The process of creating fear takes place in the brain and is entirely unconscious. There are two paths involved in the fear response: The low road is quick and messy, while the high road takes more time and delivers a more precise interpretation of events. Both processes are happening simultaneously.

The idea behind the low road is "take no chances." If the front door to your home is suddenly knocking against the frame, it could be the wind. It could also be a burglar trying to get in. It's far less dangerous to assume it's a burglar and have it turn out to be the wind than to assume it's the wind and have it turn out to be a burglar. The low road shoots first and asks questions later.

The high road is much more thoughtful. While the low road is initiating the fear response just in case, the high road is considering all of the options. Is it a burglar, or is it the wind?


    Wookiefoot nails it once again: "The xenophobia. The failing mental health. A new dystopia of everybody for themselves. The terrorized will terrorize and cycle on until we rise up in our love. Remember, only fear fear itself."

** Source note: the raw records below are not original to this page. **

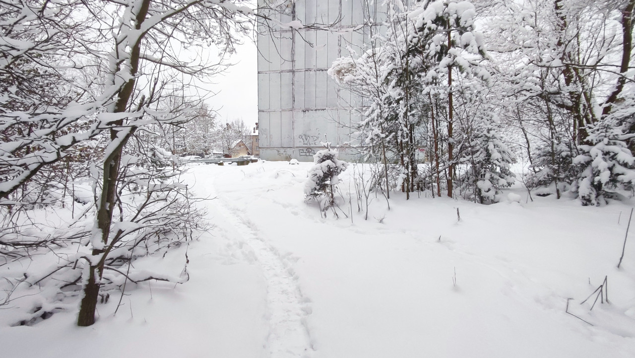 На фото показана тропа, ведущая через лесополосу к торцу панельного жилого дома. Слева и справа от тропы виден кустарник и деревья, покрытые снегом. В глубине композиции различим фасад здания, частично скрытый растительностью. Снимок демонстрирует переход природной зоны в жилую застройку и может использоваться в темах урбанистики, освоения территорий и визуализации границ городской среды.
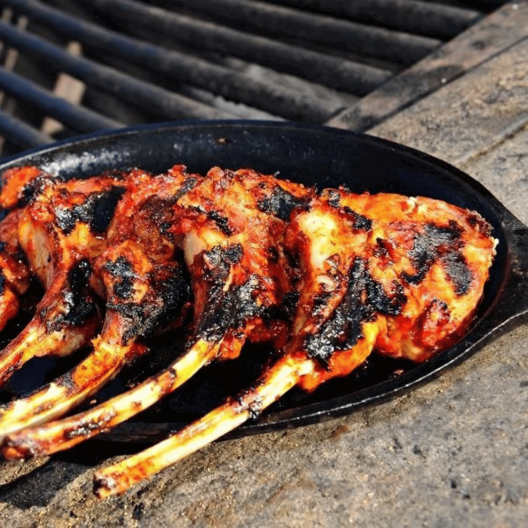 Marine edilmiş kuzu etinin şişte ızgarada pişirilmiş hali.
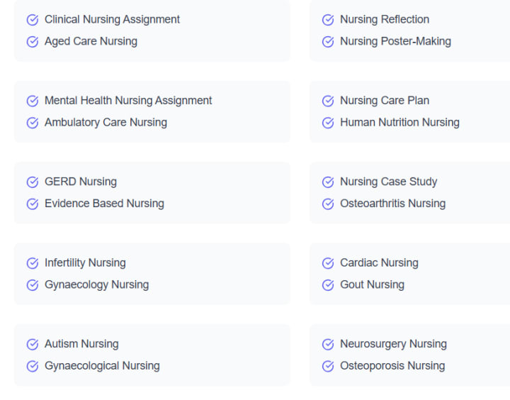 Types of Nursing Assignments Supported

    Contemplate all the hype over police brutality. Are officers choosing the high road or the low road? Taking the high road requires love. It requires considering another person as something other than dangerous. Is the job of police to act on fear? Shoot now, ask questions later? What about the foreigner who is speaking a different language in front of you? Should you be afraid, or love your brother/sister of this world? And if you chose love, every time, all the time, this ride of life would be a lot less scary. And one could say, “Yeah, well utopian world peace will never happen, so my fear response is justified.” So consider this: Peace is not a destination; it's the road that we walk.

  

Remember how beautiful your mind really is. You can control it simply by observing it. And also remember:  It's just a ride.




In : Love 


Tags: love  lessons  circus  tribe  wookiefoot  friends  trust  "tit for tat strategy"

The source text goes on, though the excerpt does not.